Big data never sleeps, or at least big data vendors don’t. We thought that after we reported and recapped all that went on at Strata+ Hadoop World, all would be calm for a while …
That didn’t happen.
Not only was there big, big data news last week such as Amazon’s announcement of Kinesis, Pivotal’s announcement of PivotalOne, DataStax’s new release and so on … there were many others we didn’t get to and we can’t let them pass without mention -- it’s news you need to know.
Udacity and Cloudera Partner to Democratize Hadoop Training
The impending third era of computing (a.k.a. “the data era”) will require a workforce that knows how to work with big data; and, needless to say, not enough people have the necessary education or training. While a number of colleges and universities are beginning to develop post-graduate degree programs around data science and Hadoop, they won’t be able to matriculate as many workers as the market is predicted to demand. Not only that, but admission to these programs is highly selective, because seats are limited and the price of tuition is high, leaving the economy without the skilled workers it needs.
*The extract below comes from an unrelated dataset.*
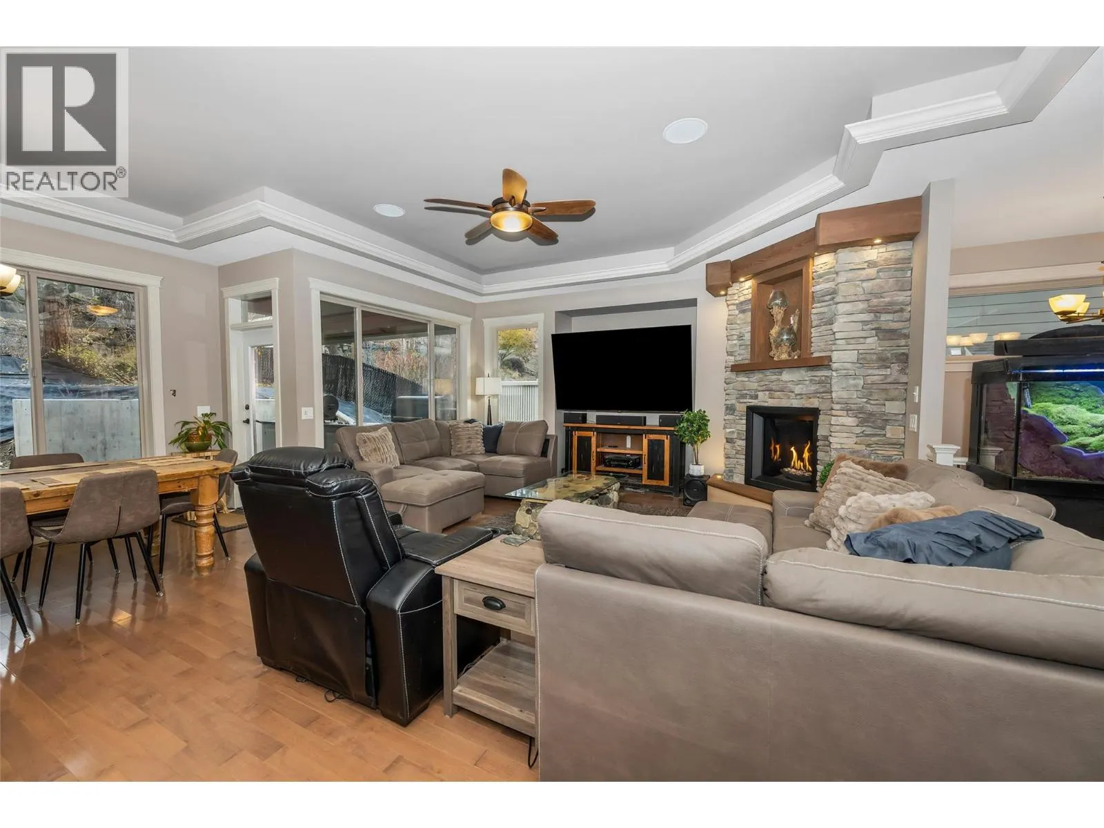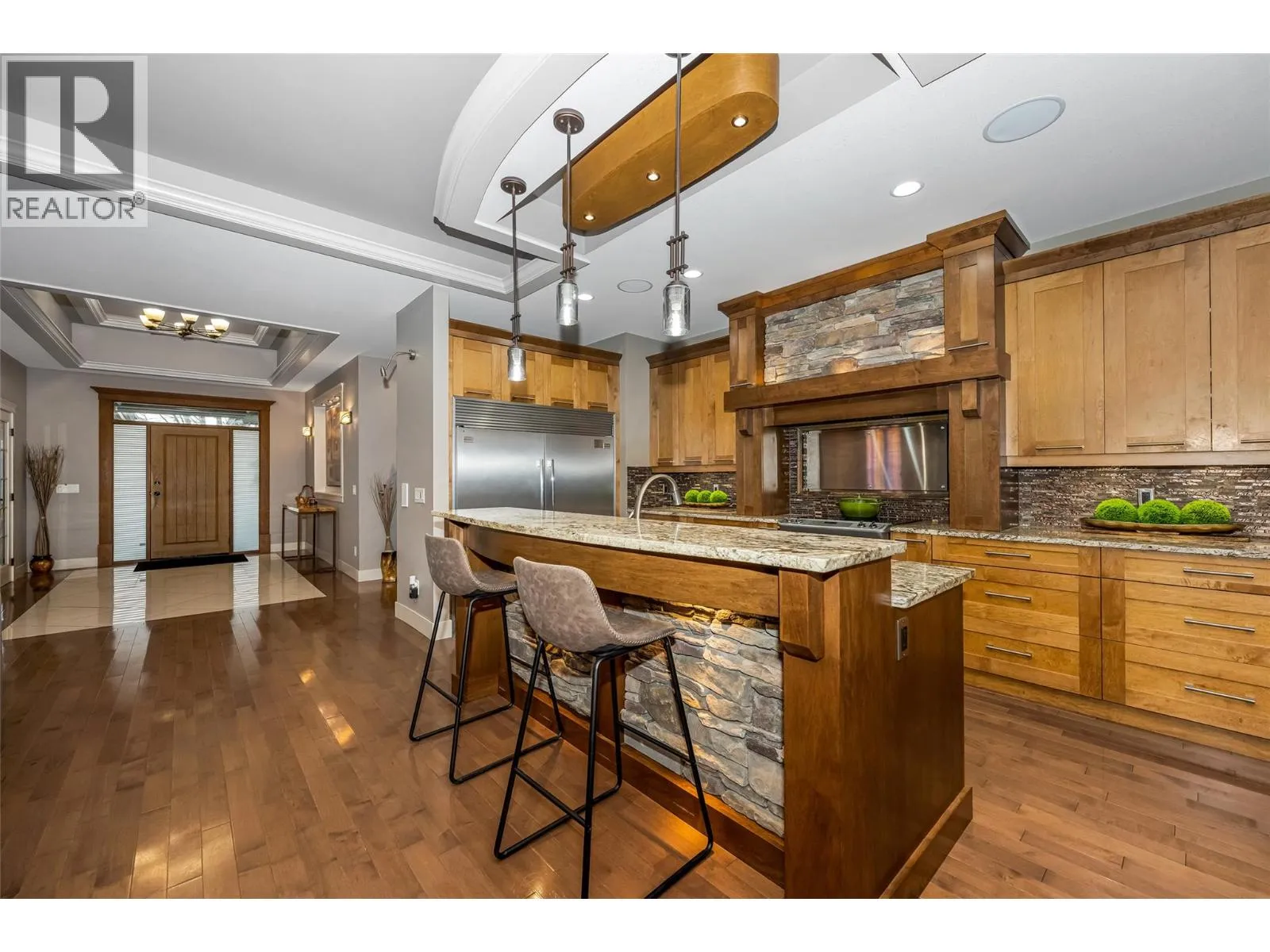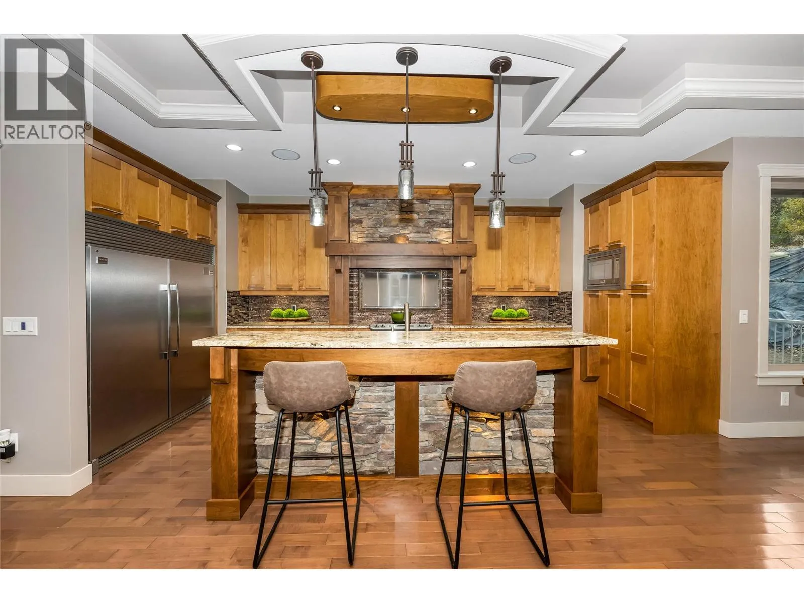 Beautiful Rancher on a quiet cul-de-sac in Kelowna's sought after Wilden Neighborhood. As you step through the front entry of this 4,357 sq ft home, youâre greeted by the elegance of large format open-concept layout. Natural light fills the main level, highlighting the ten-foot tray ceilings and warm hardwood floors. The heart of the home is the two-tone kitchen, an elegant blend of custom shaker-style cabinetry, granite countertops and spacious island. Gallery edition appliances with an oversized stainless steel fridge/freezer, glass cook top oven and dishwasher. From here, the flow leads seamlessly into the living area with a cozy gas fireplace. Enjoy an entertainers lifestyle with smart home tech with built in speakers and smart lighting. The dining fits a large table and walks onto the patio. Here youâll find vaulted timber post-and-beam construction. A concrete outdoor kitchen with a gas cooktop, and private yard ready to be personalized. The serene primary suite offers a spa-inspired ensuite with travertine tile, soaker tub, and a multi-zone luxury shower. The comfort continues with a NuWave in-floor heat, walk-in closet and a connected laundry room. Additionally on the main floor you'll find a second bedroom/office/den and a full guest bath. Downstairs, a blank-canvas offers limitless potential for additional bedrooms, a future suite, or rec room. This home perfectly blends elegance and lifestyle close to amenities and rec. Ample storage and RV/ additional parking. (id:27476)

Last week Cloudera and Udacity, an innovative provider of online higher education, announced an initiative around closing the skills gap. They are partnering to deliver Hadoop and data science training via Udacity's accessible online education portal. A course such as Introduction to Hadoop and MapReduce, taught by Cloudera University instructors, costs $105.00 to take (if you pre-register) and about a month to complete. And if you don’t meet the prerequisites for the class, Udacity will point you to a class that will provide them.
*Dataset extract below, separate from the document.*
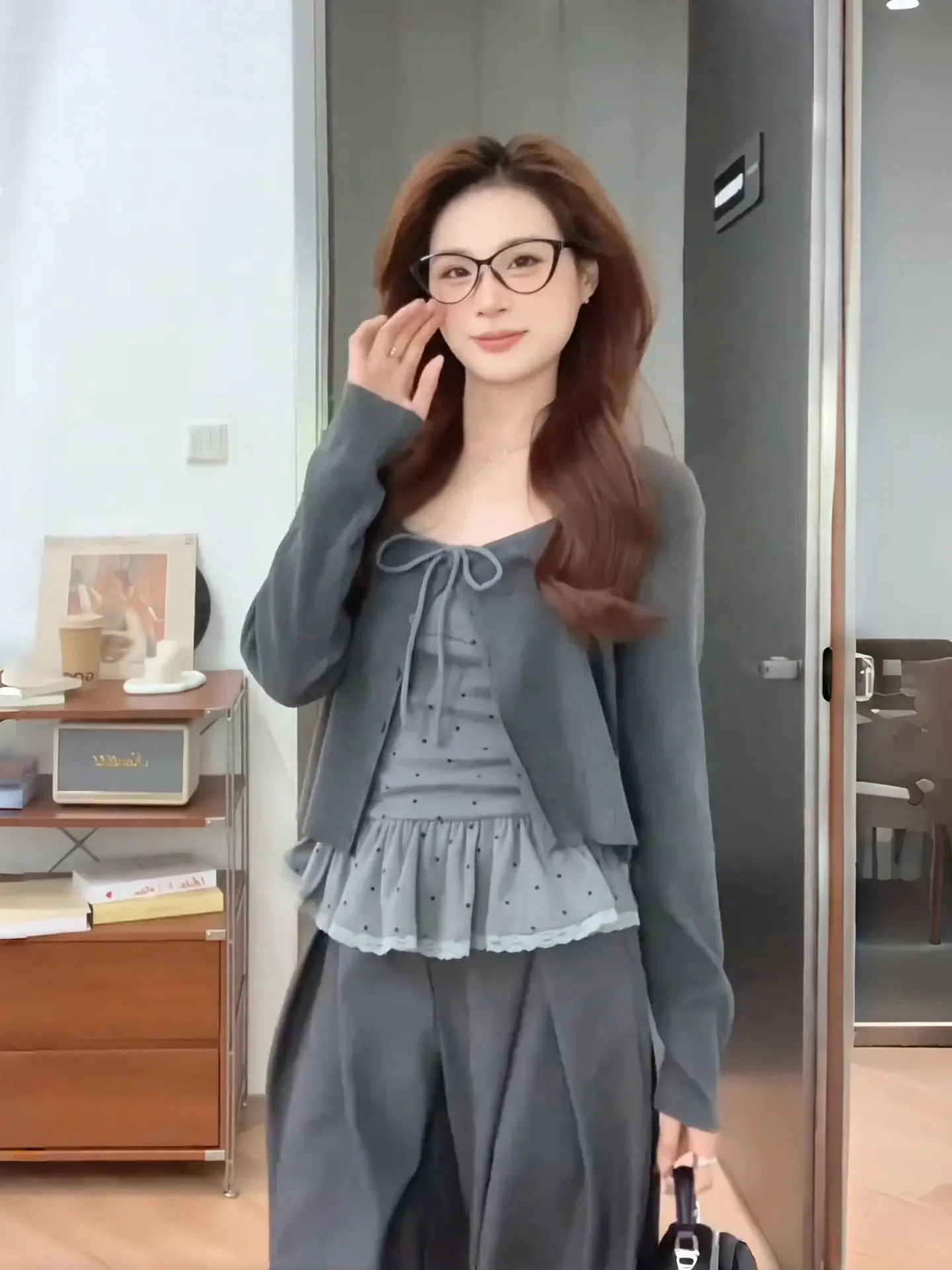 The butterfly knot detail on the cardigan adds a feminine touch and enhances the overall aesthetic.

Splunk Gets Smarter, Kinder and Hunks-Up With Amazon
Splunk couldn’t stop making headlines last week. We already told you about Splunk's partnership with Ford that shows how a car can be turned into a data platform, but we didn’t tell you that the company was also called to the White House to moderate a panel of tech leaders who discussed big data innovation for the public good; that they brought in former Continuuity boss Todd Papaioannou as Chief Technology Officer (CTO); and that they introduced Amazon Machine Images (AMIs) for Splunk Enterprise 6 and Hunk: Splunk Analytics for Hadoop at AWS.
Jethrodata Is How Fast?
Jethrodata, an analytics index-based SQL engine for Hadoop, promises to deliver SQL queries that power reports, dashboards and ad-hoc requests as much as 100 times faster than current tools (Hive, Impala, Hawq). They say it works by combining the scalability of Hadoop with the performance of an analytical database in one system. According to the website, Jethrodata automatically indexes data as it is written into Hadoop and that queries then use indexes to access only the data they need instead of performing a full-scan of the entire dataset.
Since it’s still in beta, we have yet to hear any success stories, but if it works as promised, it’s certainly worth keeping an eye on.
WANdisco Unveils Non-Stop Hadoop for Hortonworks
In the Big Data/Hadoop world, WANdisco is alone in providing 100 percent uptime for Hadoop; it does this by eliminating Hadoop’s most problematic single point of failure, the NameNode.
Last week, at the Strata Conference in London, WANdisco announced Non-Stop Hadoop for Hortonworks version 1.5. The company says that this new release includes significant performance and administration enhancements for large multi-data center Hadoop deployments.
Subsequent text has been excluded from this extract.